Opinión

EL REY CUMPLE CON SU DEBER Y PRESIDE EL DESFILE DE LA FIESTA NACIONAL

Luis María ANSON | Miércoles 12 de octubre de 2011
Lo aprendió de su padre, el inolvidado Juan III. Por España, todo por España. Los médicos le exigieron que permaneciera inmóvil en palacio. El Rey se vistió su uniforme de gala del Ejército de Tierra, se irguió sobre su quebrantado tendón de Aquiles y presidió el desfile militar de la Fiesta Nacional. Lo hizo, al mejor estilo militar, erguido y sin muletas. Un ejemplo para todos y en especial para el Príncipe. El pueblo madrileño aplaudió de forma incansable al Monarca, símbolo de la unidad de España.
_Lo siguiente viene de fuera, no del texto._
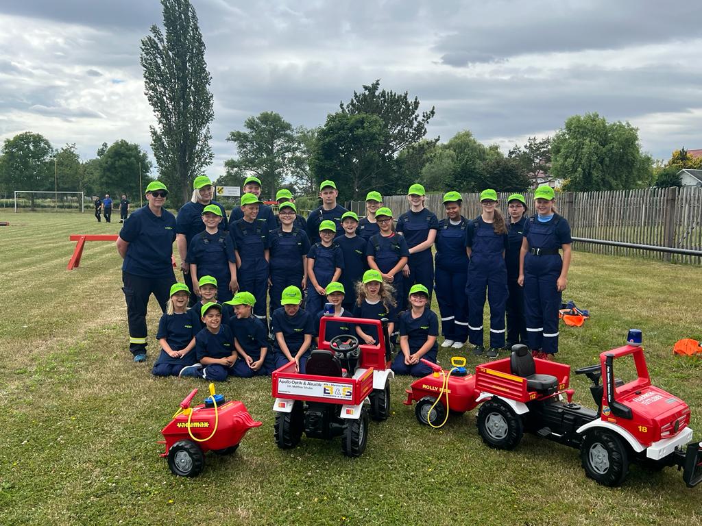 Zum diesjährigen traditionellen Feuerwehrfest am 09. Juli 2022 war es endlich soweit. Nun ist es offiziell: zwei Unimog-Fahrzeuge nebst Löschanhänger wurden in den Dienst der Jugendabteilung gestellt.
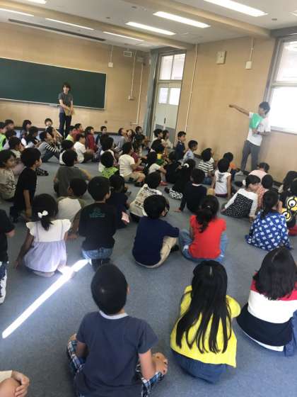 1、2年生合同のグループでキッズプラザを回ります。自己紹介をしたあと、簡単なゲームをしました。2年生がリーダーになって、先に自己紹介をしたり、優しく「並びや」「こっち」と声をかけたりしていました。
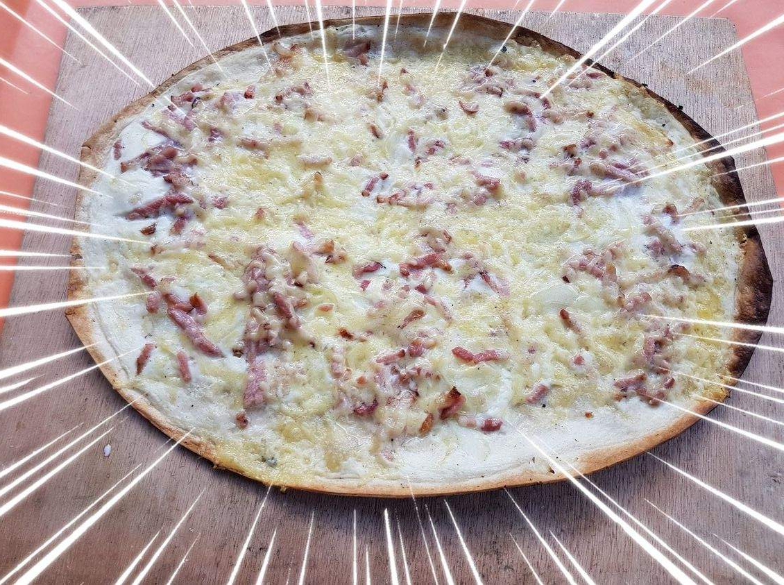 kit 5 tartes flambées fabrication artisanale comprenant 5 fonds, la crème, les oignons et les lardons
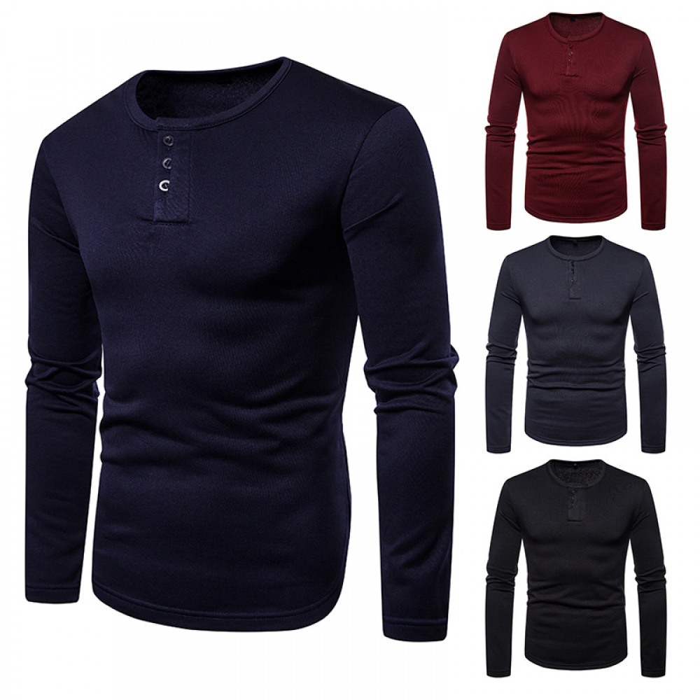 Men's Plus Size Plus Velvet Warm Henley Collar Long-Sleeved T-Shirt Bottoming Shirt
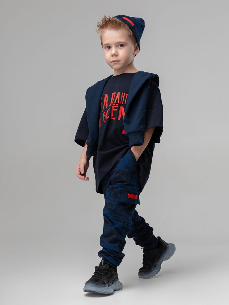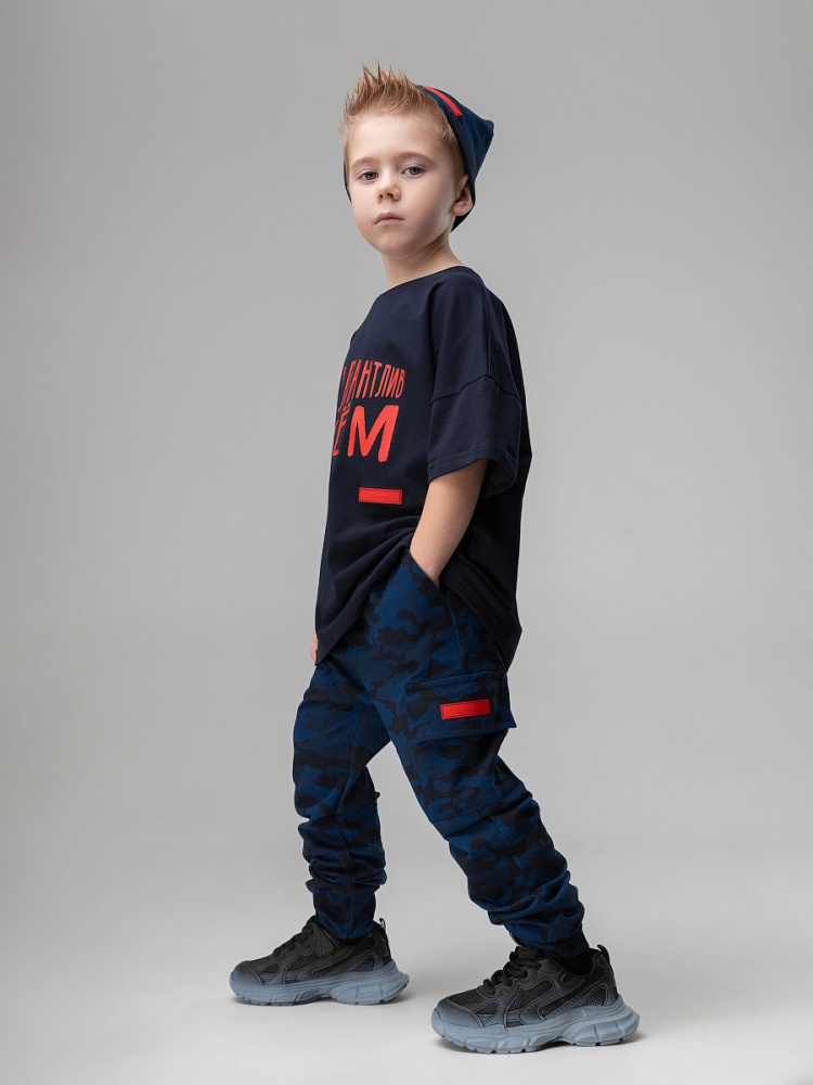 Материал футер двухнитка Состав 92% хлопок 8% лайкра Брюки спортивные для детей дошкольного возраста. Брюки прямые свободные на притачном поясе с внутренней резинкой, на притачной манжете по низу изделия. Брюки с боковыми карманами. На левом боковом шве расположен накладной карман с клапаном.
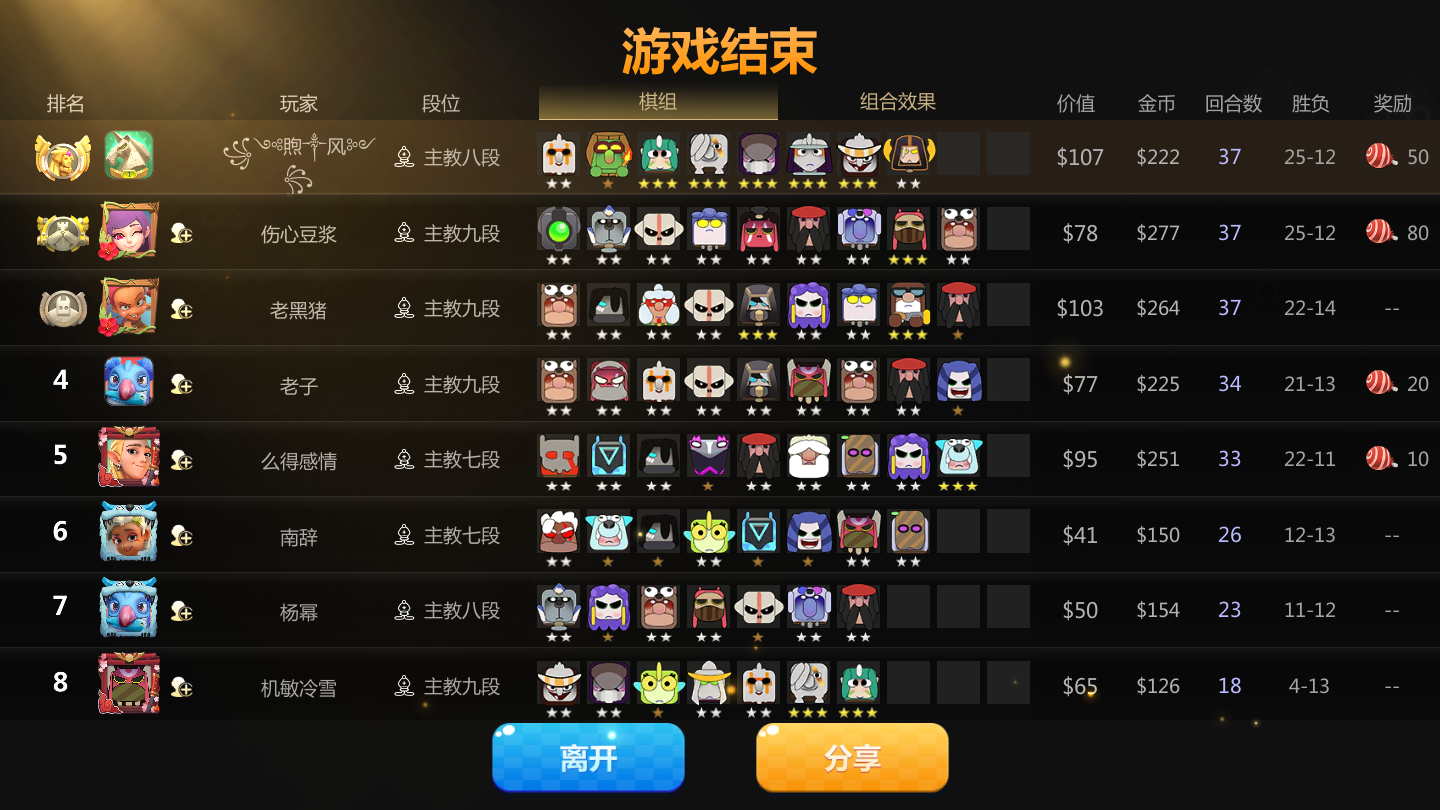 我和倒数第一名都是空城德,他先空,我6回合也空了断他连败,后面我连败+2时也被他断了。他先来爪我先来树,算是平分春秋。之后好不容易熬死他,我想爪总要来了,没想到到死不来一个,最后靠着全部手动的三星和炸弹人各种走位躲神法和成型战猎,终于在37回合带飞两家天胡,2血吃鸡~
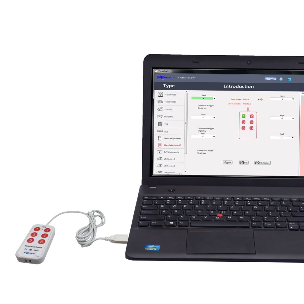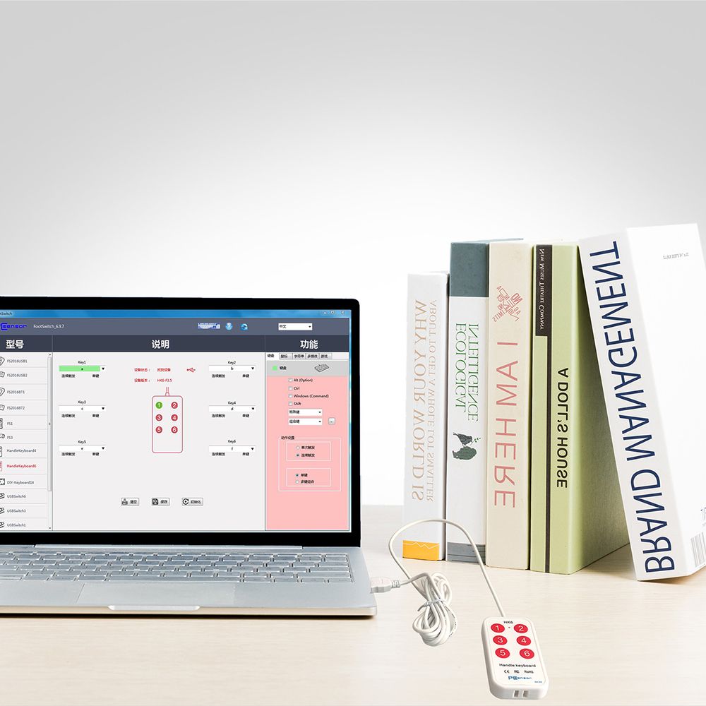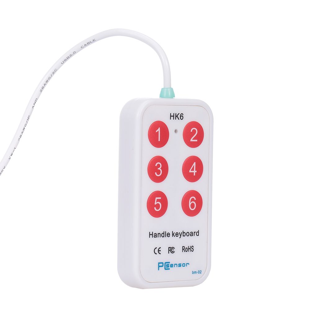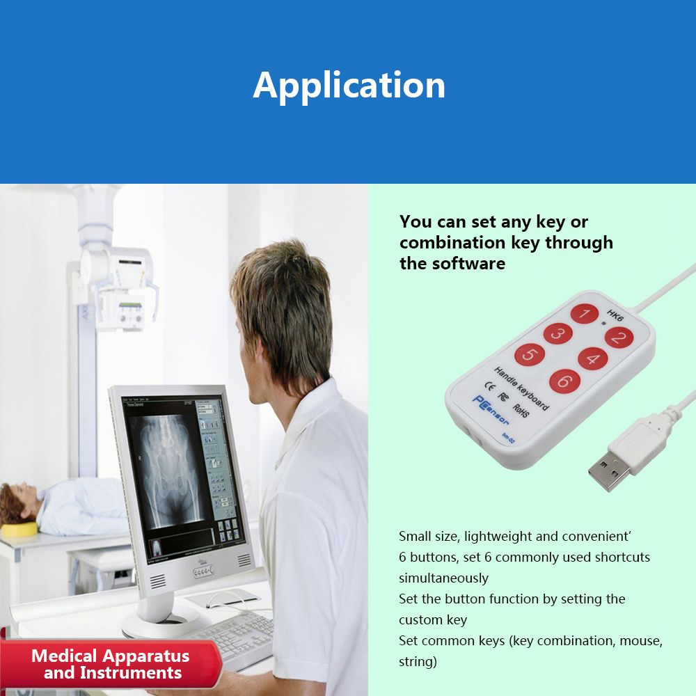This is a handle USB keyboard. 6 buttons design, supports custom button settings. Sets up 6 shortcuts, USB interface, plug and play, convenient and fast to use. Widely used in playing games, controlling instruments, image acquisition, multimedia teaching, epidemic prevention station, etc.

Casi cuarenta años después de que ocupara el Trono en una situación crítica, Juan Carlos I no ha olvidado que las hilanderas de la Historia no pueden tejer otros tapices en el siglo XXI que los de la voluntad popular. El Rey es Rey porque así lo ha sancionado la voluntad general libremente expresada. El servicio al pueblo exige esfuerzos tan dolorosos físicamente como el que acaba de ofrecer presidiendo el desfile militar, aunque haya otros esfuerzos menos conocidos y más difíciles. “Que el reinar es tarea –escribió Quevedo- que los cetros piden más sudor que los arados, y sudor teñido de las venas; que la Corona es el peso molesto que fatiga los hombros del alma antes que las fuerzas del cuerpo; que los palacios para el príncipe ocioso son sepulcros de una vida muerta, y para el que atiende son patíbulos de una muerte viva; lo afirman las gloriosas memorias de aquellos esclarecidos príncipes que no mancharon sus recordaciones contando entre su edad coronada alguna hora sin trabajo”.